Song: Donovan's "Turquoise"

JE: That was Donovan from the 1965 single "To Try for the Sun," which is on the Fairytale album. And that one is "Turquoise". I'm Jason Eldredge, I'm here with Scott Sternberg, designer of the L.A. based fashion label, Band of Outsiders. And we're talking about a few of the songs that have inspired him in his career. Let's talk about Belle & Sebastian.

SS: Sure, I could talk about them all day long.

JE: Who couldn't? Which is your next selection?

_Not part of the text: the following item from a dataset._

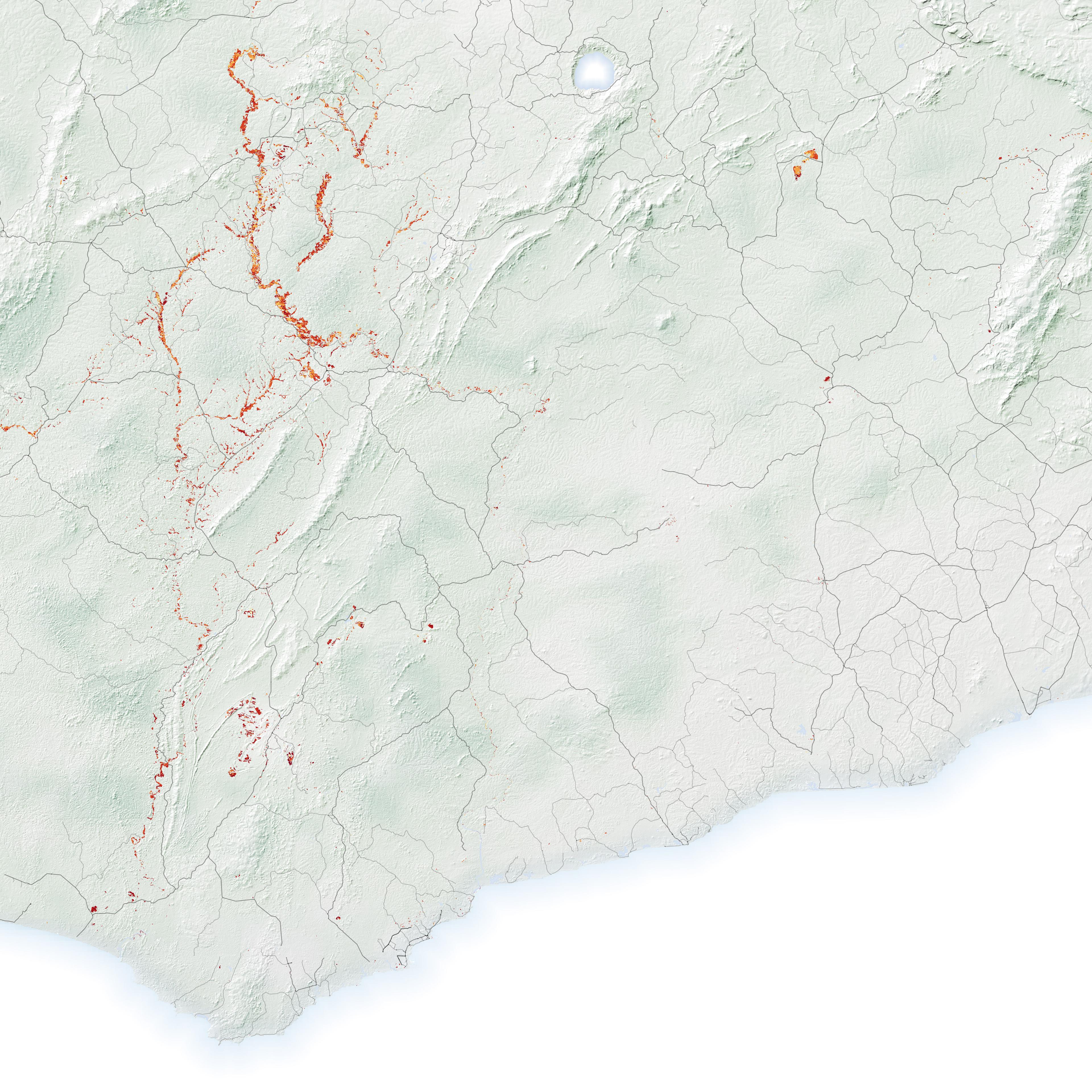 Multi-spectral satellite analysis identifies land disturbance patterns characteristic of illegal mining operations.

SS: Yes, yes. It's like in creating a brand, which I am hopefully doing right now with Band of Outsiders, you look at a band like Belle & Sebastian and it's amazing what they've done. They've taken nothing -- these sort of working class guys -- and created this whole mythology out of basically mundane, bourgeois Men. And it's beautiful, it's mythological, it's fantastical. It's this whole world you just want to be a part of. But when you really listen to the lyrics and you sort of realize what they're singing about over and over on all these records, it's so straightforward, it's so plain. It's just amazing to me. I'm just totally captivated by them and always go back to old stuff. This song that I chose, which is called "Take Your Carriage Clock and Shove It," is off of one of the EP's, I think

JE: Yeah.

SS: I love when bands like that do the EP thing because it's really just for the fans, for the real fans. And it's just about this middle-class working guy who quits his job, basically, after a lifelong career at some boring, boring middle class job, just picks up and leaves and I just think it's good.

Song: Bell & Sebastian's "Take Your Carriage Clock and Shove It"

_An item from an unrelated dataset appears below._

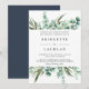 Chic e elegante convite de casamento botânico de eucalipto. Enquadre seus detalhes do dia do casamento com folhas de eucalipto em verde e folhagem de tons azuis. Personalize facilmente este modelo de convite com os detalhes do dia do casamento.

JE: This last track is actually from a soundtrack to a film.

SS: Yes.

JE: To two films, actually, because it was re-used a little bit later.

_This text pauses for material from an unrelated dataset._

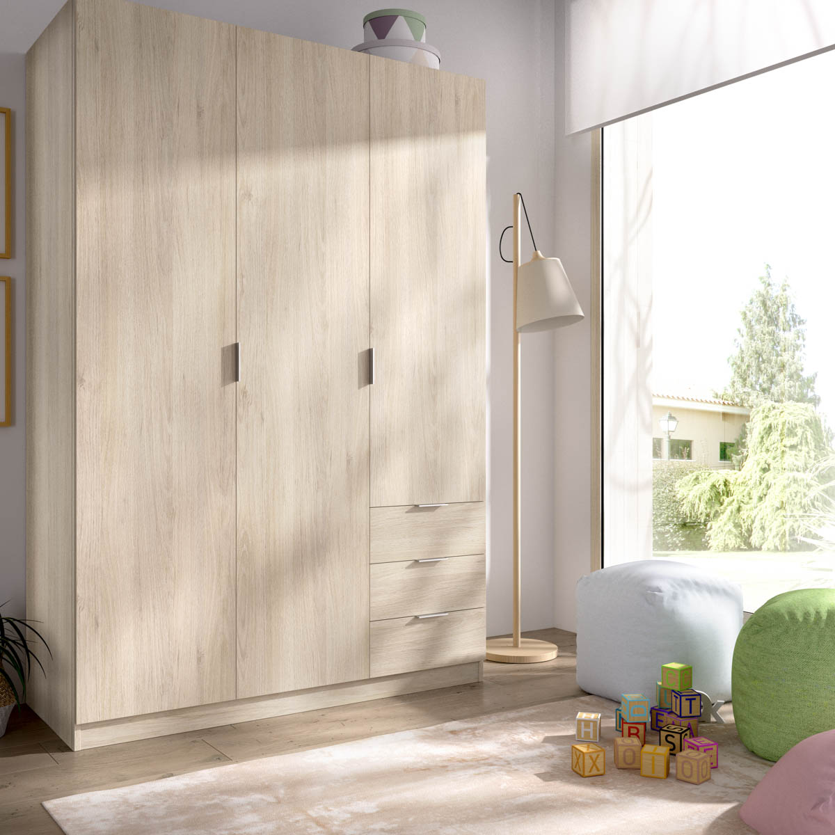 Armario de 3 puertas y 3 cajones 121cm Natural, NATURAL, ESSEN, 184cm x 121cm x 52cm, ⛟ ENVÍO GRATIS

SS: Sure. It's a song from the score of Kill Bill that I heard first. I'm not like the total cinephile who watched Il Mercenario before Kill Bill. But, this song is called "L'Arena" or something.

JE: Mmm hmm.

SS: It's from that epic, amazing scene when the bride is buried alive and digs herself out. And this song, particularly, it's like a whole movie within a song. It's like epic narrative. Every instrument is a character. You start off with this sort of foreboding sense of doom and down and out - things aren't going so well and then the whatever type of horn that is sort of kicks in and you feel that there's hope on the horizon and then it just keeps building and the repetition and it's just glorious. It's everything you want life or a movie or a song to be.

JE: Ennio Morricone on KCRW with "L'Arena" from the Kill Bill Vol. 2 soundtrack and from a spaghetti western, "The Mercenary," I think is the translation of that.

SS: Yes

Song: Ennio Morricone's "L'Arena"

JE: Scott Sternberg, thank you so much for coming down to KCRW and sharing your music.

SS: Oh, thank you for having me.

JE: For a complete track listing and to find these songs online, go to KCRW.com/GuestDJProject.